GLANTZ: Tim was addicted and overdosed again and again. His parents kicked him out and he moved in with Eric Demetrion, another former Marine.

(B-Roll Tim parents, cut to AG walks to Eric Demetrion grave)

GLANTZ:  The two fed each other's addictions, and when they ran out of pills, they bought heroin. Eventually, Tim realized he needed to move out

GLANTZ: Three months later, Demetrion was dead of an overdose.

(B-Roll Fazio and friends, pill bottle)

GLANTZ:  Today, Fazio is living with his girlfriend. He's been clean for six months now, but staying off opiates hasn't been easy. .. In July -- after a violent confrontation landed him in a VA emergency room -- he was shocked when an agency doctor again prescribed Oxycodone. Tim says he filled the prescription and then stared at the bottle.

Fazio: I opened it a couple of times a day for probably three or four days to take one out. I said, if I take this I'm not going to be living where I am now. I'm going to be off and running again. They're going to send me on my way. So I flushed it.

(B-roll Tim stands outside, waits for VA van)

GLANTZ:  With his mind no longer deadened by opiates, flashbacks and anxiety make him angry and explosive. And so, despite that recent history, Fazio still turns to the VA for help. He's up early this morning, waiting for a shuttle to take him to the VA.

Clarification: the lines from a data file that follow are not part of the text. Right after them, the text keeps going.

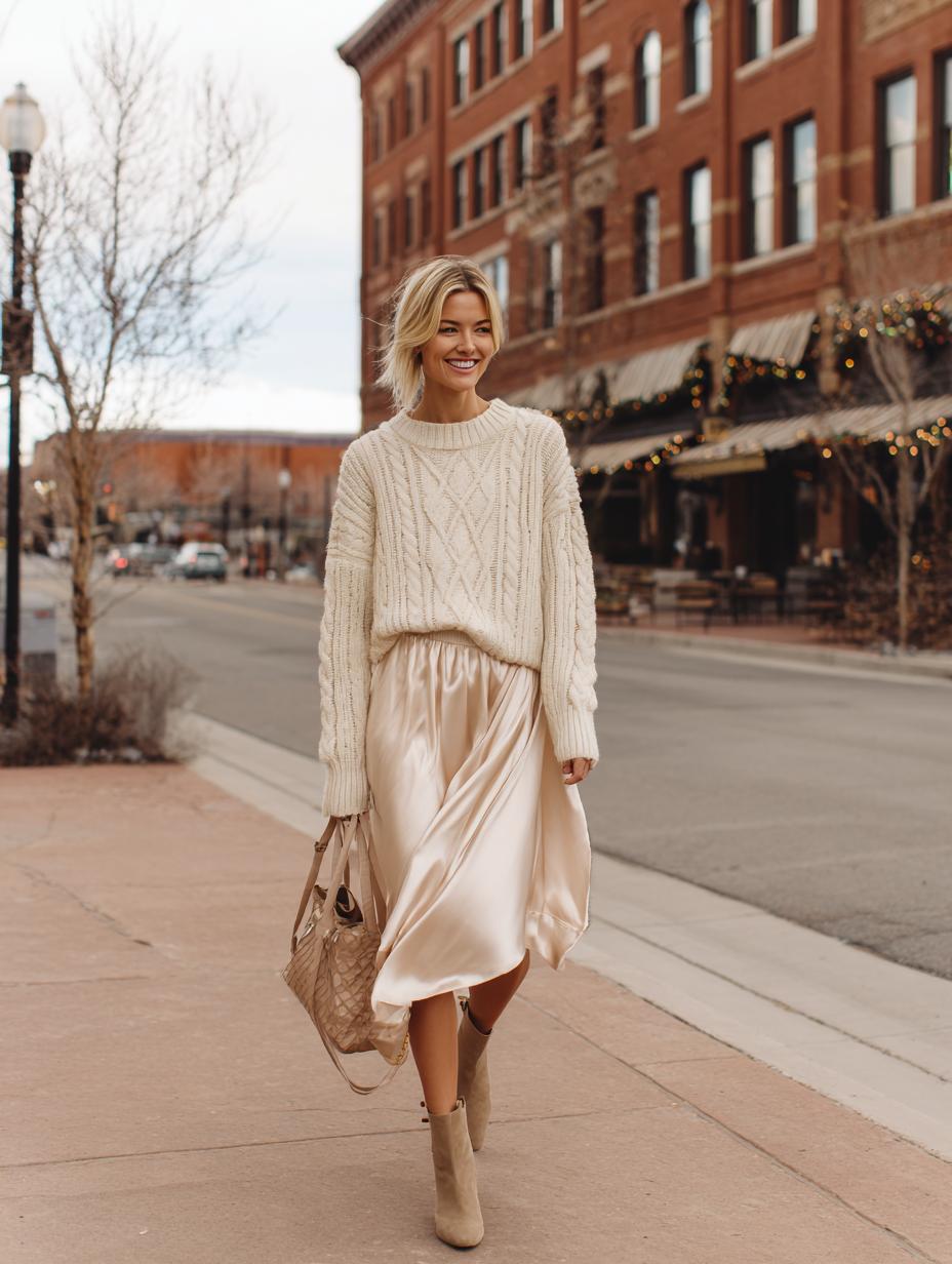 Cream Cable-Knit Meets Champagne Silk for Urban Holiday Elegance
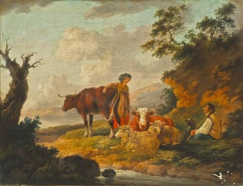 A milkmaid and a shepherd with his flock and cattle in an extensive landscap
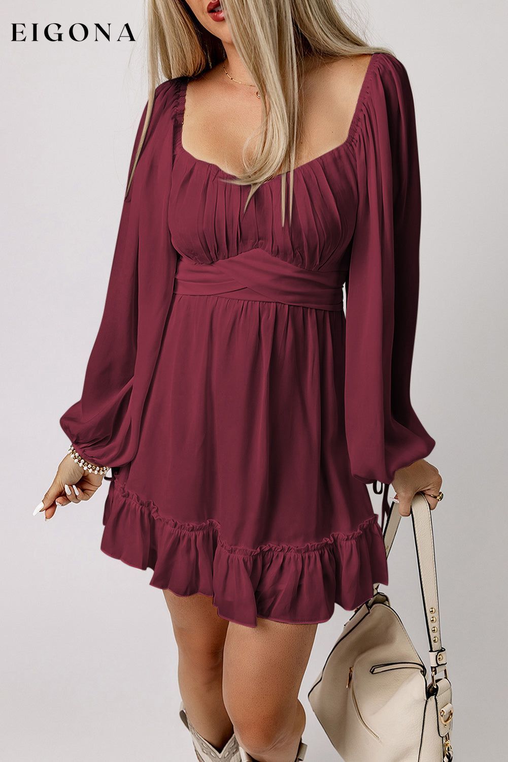 Fiery Red Plain Ruffled High Waist Square Neck Mini Dress
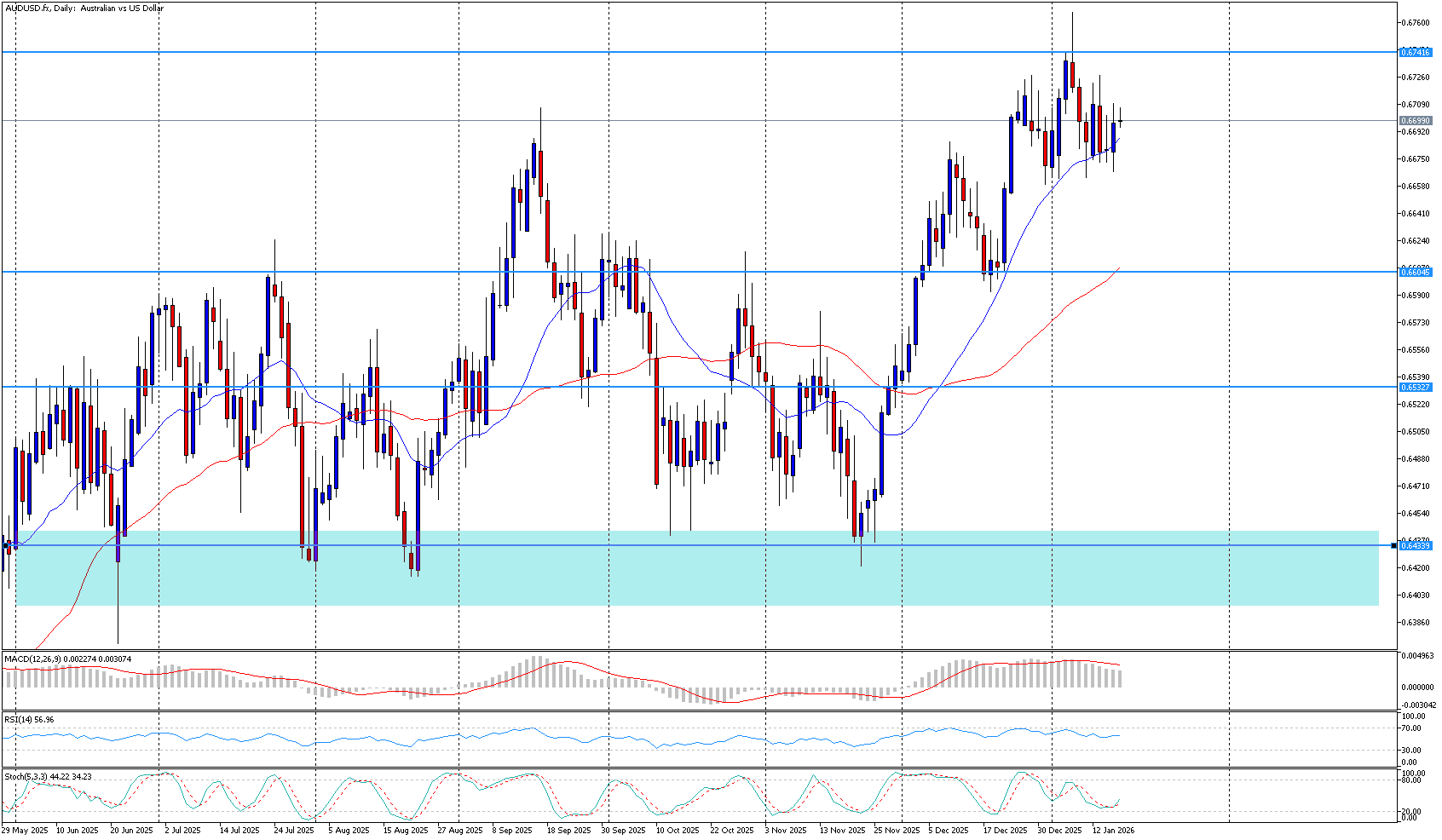 Měnový pár AUD/USD nadále čelí prodejnímu tlaku a pohybuje se pod psychologickou hranicí 0,6700, přičemž se zatím nedokáže stabilně vrátit nad 20denní jednoduchý klouzavý průměr. Tržní nálada zůstává opatrná, a to zejména kvůli přetrvávajícím…
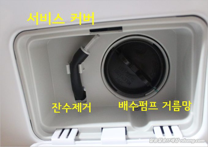 잔수제거 호스 있고, 배수 펌프 거름망 있는 곳으로, LCD창에 OE 또는 경고문구 뜰때 펌프마개 돌려 ,거름망 청소를 해줘야 한다고 설명서에 나와 있습니다.

Fazio (inside van): My goal is to figure out where this rage, anxiety and all this is coming from when I've been sober. [..]I got to figure out where that comes from and how to cope with that, I guess.

(B-roll Tim arrives at VA hospital, exterior VA sign)
GLANTZ:  The Department of Veterans Affairs remains a refuge for Tim, he says it's a place where he can surround himself with other veterans, men and women who have survived war, only to battle addiction at home.